Cole's Moveable Feast

Cole's Moveable Feast
Cole

Wednesday, September 14, 2016

Eggs, EpiPens and the Creative Process

Last night while I was making cake pops for an order, I was comparing recipes, reading about what milk protein does to chocolate, tinkering with egg and milk substitution formulas and thinking about how much I love Rose Levy Beranbaum. My husband walked in to scavenge for dinner because I've flat out stopped cooking for my family. (Yeah, so all those people who ask How I'm Doing It All? I'm not.)

He looked down and said something about the fact that I was holding my place in a cookbook with EpiPens. Which really is pretty funny. Maybe that should be the picture on my homepage.

Now, I don't just leave EpiPens lying around, please don't fuss at me. That story is coming.

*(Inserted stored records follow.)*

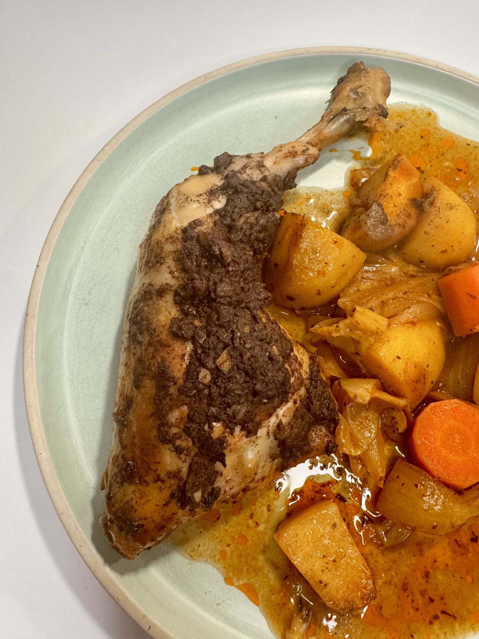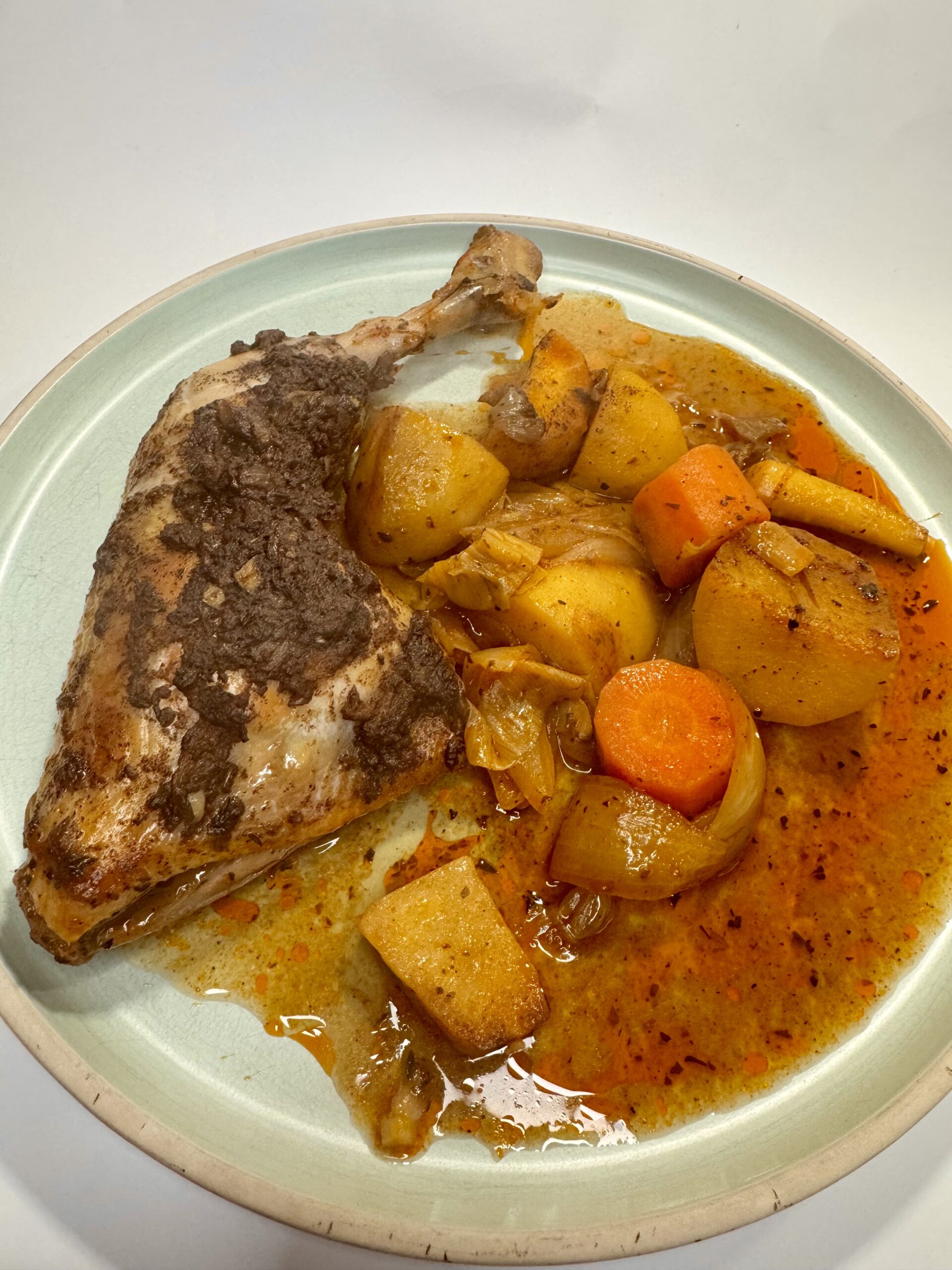 Danach wurden Pastinake, Porree, Möhren und bei mir zusätzlich Kartoffeln und ganz viele Gewürze gedünstet, mit Geflügelfond aufgegossen gekocht und ebenfalls in die Ofenhexe gegeben. Alles gut vermischt und oben drauf kamen die Hähnchenschenkel und noch der Rest der Marinade.
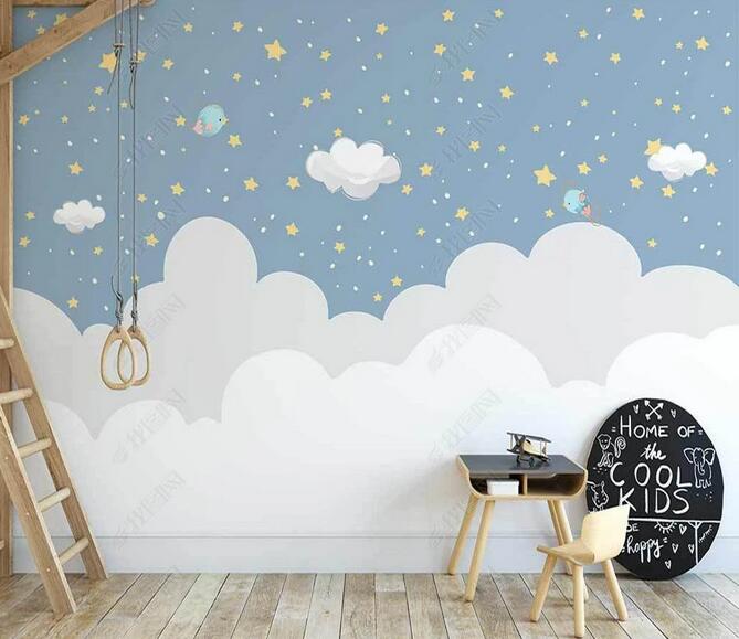 Stars Blue Skye Nursery Wallpaper Wall Mural, Clouds Stars Kids Children Room Wall mural Wall Decor
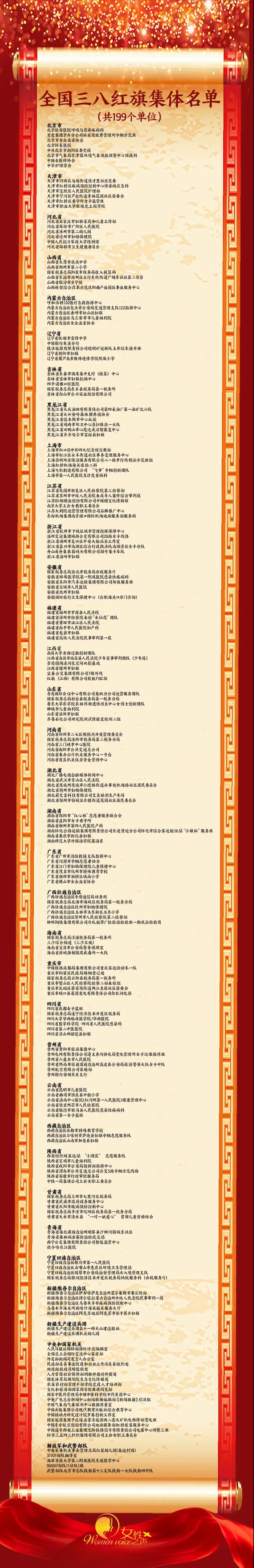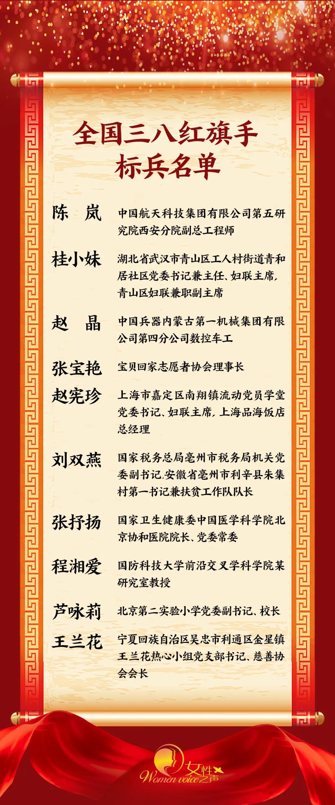 全国妇联授予陈岚等10人全国三八红旗手标兵、陈芳等300人全国三八红旗手、北京佑安医院呼吸与感染疾病科等199个单位全国三八红旗集体称号。
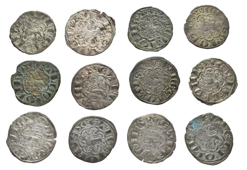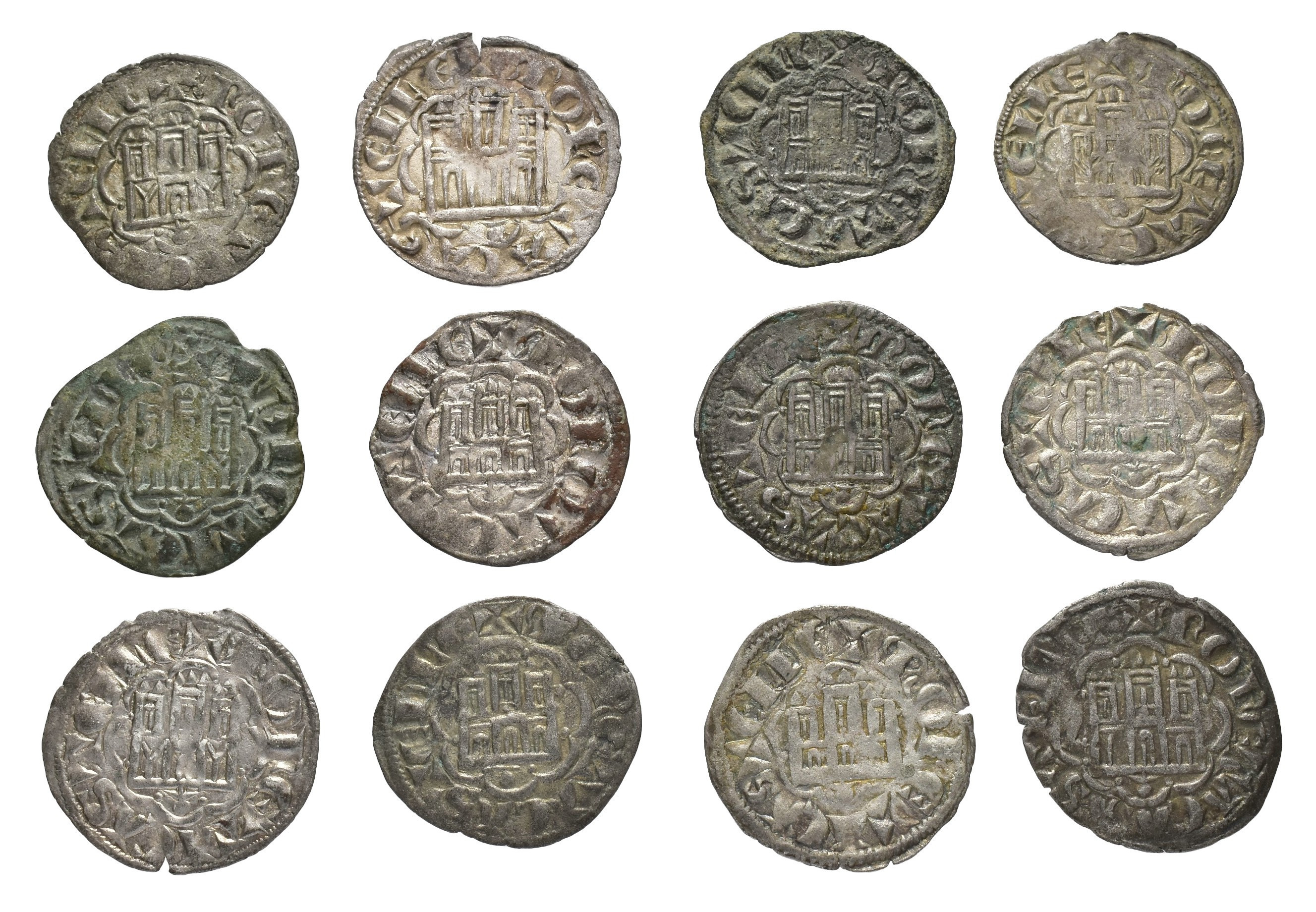 REINOS DE CASTILLA Y LEÓN. ALFONSO X. Lote de 12 dineros seisenes, Coruña. Orol-ME.127, 131, 136, 138, 140, 143, 145, 147, 153, 157, 163 y 167. MBC-/MBC+.
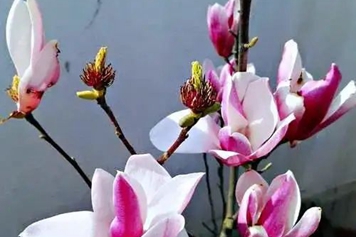 二乔玉兰花是木兰科玉兰属植物,属于玉兰的一个品种,入药时叫做辛夷,具有散风寒、通鼻窍的功效。
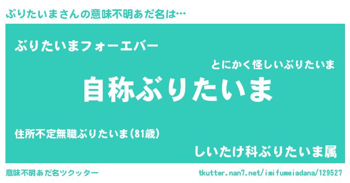 | 男性向けラノベタイトル風あだ名 | 『ぶりたいまに滅ぼされるだけの簡単なお仕事です』 |
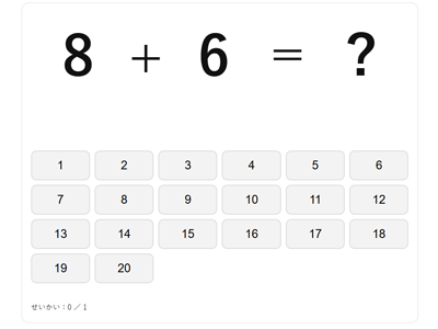 15 | たしざん・ひきざん | ![]() | 「足し算」「引き算」という言葉に馴染みのないお子さんから、繰り上がり・繰り下がりの計算に取り組むお子さんまで、幅広く使えます。足し算引き算の和や差が5まで5のみ10まで10のみ20までの繰り上り繰り下がりの計算まで選択することができます。計算式しか出ないので、必要に応じて、おはじき・タイル・指などを用意してください。 https://school.gifu-net.ed.jp/cyuno-sns/public/tasuhiku.html |

But you'll notice I haven't weighed in on the great EpiPen debate. It's not even a debate, right? It's just plain immoral. We are SO lucky to have incredible insurance (thank you, Total Wine), so I didn't pay much for ours. A few people have asked me what I think, and I am of course outraged. For all the reasons smarter people than me have written about. But from my own (lack of) experience with EpiPens, here is what concerns me:

Cole is extremely allergic to sesame. Until last year, he had never ingested it except in the oddly acceptable highly-processed sesame oil that's in Brach's candy corn. In fact, the few times we've used sesame oil in our cooking in the past, even though he didn't eat what we were making, he wheezed. Presumably from having it in the air. So we stopped using the oil altogether. Last summer, he accidentally ate a pita chip that had sesame seeds in it. He spent hours in agonizing pain, wrapped around a toilet and wheezing. When I told our pulmonologist about it a month later, he got mad at me for the first time ever. "You should have Epi'd him. It's not a last resort, it's a first resort. If two hits off his inhaler aren't doing the trick, you need to Epi him."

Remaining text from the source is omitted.